Based on detailed GIS studies of the land, a drainage system has been developed to provide for virtual elimination of all stormwater drains using natural slopes. This results in disposal of rainwater without flooding. Natural methods like planting of reed beds and sewage treatment plants will be utilised for the waste water to be reused within the site for horticultural purposes. The cost of the development is about $9 per square metre, an amount significantly lower than the average cost of such developments in India, points out Rastogi.
Pioneer Park in Gurgaon is yet another example. It is a 75-acre mixed use community located on Golf Course Extension Road. It will offer residential living, corporate work environment and will be an entertainment destination. Its environmentally sensitive and sustainable design has been awarded a `Gold Grading' by the Union Ministry of Environment and Forests.
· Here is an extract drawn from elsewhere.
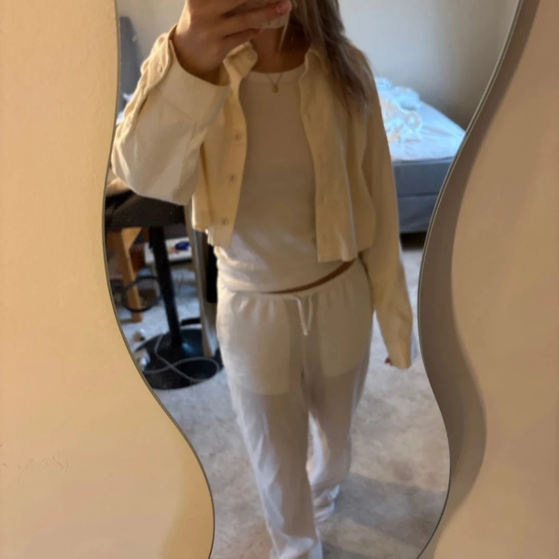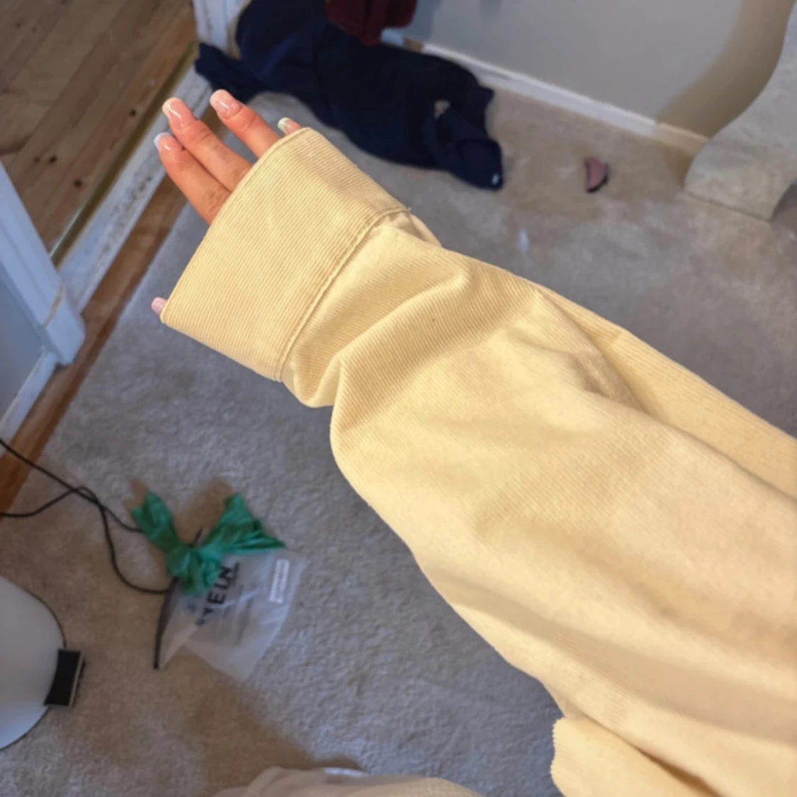 Säljer en beige croppad skjorta från Divided i manchestertyg. Skjortan har långa ärmar, klassisk krage och knäppning framtill. Perfekt för dig som gillar en chill och trendig stil. Passar snyggt till både jeans och mjukisbyxor.

All buildings here incorporate green design strategies that maximise energy savings and reduce environmental impact. The landscape uses several additional aspects of sustainability such as indigenous woodlands, green roofs, photovoltaic panels, xeriscaping (a landscaping and gardening technique used to conserve water) and the use of local materials, says Manish Periwal, Chairman and Managing Director, Pioneer Urban.
Is green here for good?
A green building [http://www.zameen-zaidad.com/] typically calls for practices such as energy efficiency and recovery, water recycling and use of environmentfriendly materials in design, operation, construction and maintenance to sustain the environment.
According to the US green building council, savings of up to 30 per cent in energy, 50 per cent in water use, 50 to 90 per cent in waste cost and 35 per cent in carbon savings can be made by shifting to green norms before starting construction.
Low on costs
According to Vidur Bharadwaj, Director, the 3C Company, green townships address national issues like handling of consumer waste, water efficiency and reduction in fossil fuels. Most importantly, a green township can enhance the occupants' well-being and take a step forward in eliminating the threat of global warming.
"What is at present considered a `trend' or termed `green' will become the norm and standard in the near future, and anything that's not ecofriendly and sustainable will probably be prohibited through local bylaws.
"High energy efficiency, health and environmental benefits are standard for all green developments," adds Saacketh Chawla, National Director, Project Management Consulting (PMC), Colliers International India.
It's time the whole world started turning green.